The tune slowed as the music box’s spring wound down. Margaret carefully, reverently, put it back in her pocket. “If only Anton knew the true value of that gift he gave me. If only Anton knew so many things.”
8 ANTON COLICOS
Come with me, Rememberer Anton. It will be glorious!” Yazra’h grinned at him, gripping his shoulder so hard it hurt. “Listen to what the Adar and I propose to the Mage-Imperator.”
Jora’h’s eldest daughter was tall and lean, with a mane of coppery hair and golden skin; she was beautiful, muscular, and (Anton felt) intimidating as hell.
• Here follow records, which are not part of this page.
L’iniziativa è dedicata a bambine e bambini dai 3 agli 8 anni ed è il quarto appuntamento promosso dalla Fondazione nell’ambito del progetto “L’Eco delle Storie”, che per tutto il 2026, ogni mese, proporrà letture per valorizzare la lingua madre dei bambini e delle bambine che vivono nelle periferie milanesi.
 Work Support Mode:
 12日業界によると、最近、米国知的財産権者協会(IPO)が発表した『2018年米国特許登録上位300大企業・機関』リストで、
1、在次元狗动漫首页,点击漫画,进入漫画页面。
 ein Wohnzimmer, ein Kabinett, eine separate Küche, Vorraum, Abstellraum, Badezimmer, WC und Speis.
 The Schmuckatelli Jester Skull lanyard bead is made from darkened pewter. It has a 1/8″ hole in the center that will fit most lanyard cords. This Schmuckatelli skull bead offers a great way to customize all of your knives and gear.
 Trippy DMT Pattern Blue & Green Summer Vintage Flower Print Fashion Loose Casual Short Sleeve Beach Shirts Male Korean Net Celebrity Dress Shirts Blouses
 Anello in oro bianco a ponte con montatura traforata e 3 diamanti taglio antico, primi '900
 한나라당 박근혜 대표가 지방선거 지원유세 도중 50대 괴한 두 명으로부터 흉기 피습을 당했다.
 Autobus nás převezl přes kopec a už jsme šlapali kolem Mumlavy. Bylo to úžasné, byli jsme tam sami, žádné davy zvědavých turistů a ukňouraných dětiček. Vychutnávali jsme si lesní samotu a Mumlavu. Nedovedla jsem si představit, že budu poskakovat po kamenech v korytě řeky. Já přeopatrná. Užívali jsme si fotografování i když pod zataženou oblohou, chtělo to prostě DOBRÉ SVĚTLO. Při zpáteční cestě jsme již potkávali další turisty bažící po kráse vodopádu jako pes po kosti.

Against all common sense, she seemed to be attracted to the human scholar, wanting far more from him than he ever meant to give.
Anton and Rememberer Vao’sh had been sitting together discussing the phoenix legend—fire and rebirth as a metaphor for the cycle of life—in a long reflective hall in the Prism Palace. Tall, gossamer ferntrees stood in deep planters, soaking up the bright light that streamed through multicolored panes.
But when Yazra’h found them, she put an end to their conversation. Without answering questions, she led the way with long strides, practically dragging them along. “Some stories have yet to be written.”
Vao’sh accompanied his human friend. “Then perhaps we shall find ourselves part of yet another tale.”
Anton wasn’t sure how much more excitement he wanted. “I was looking forward to spending more time translating the Saga.”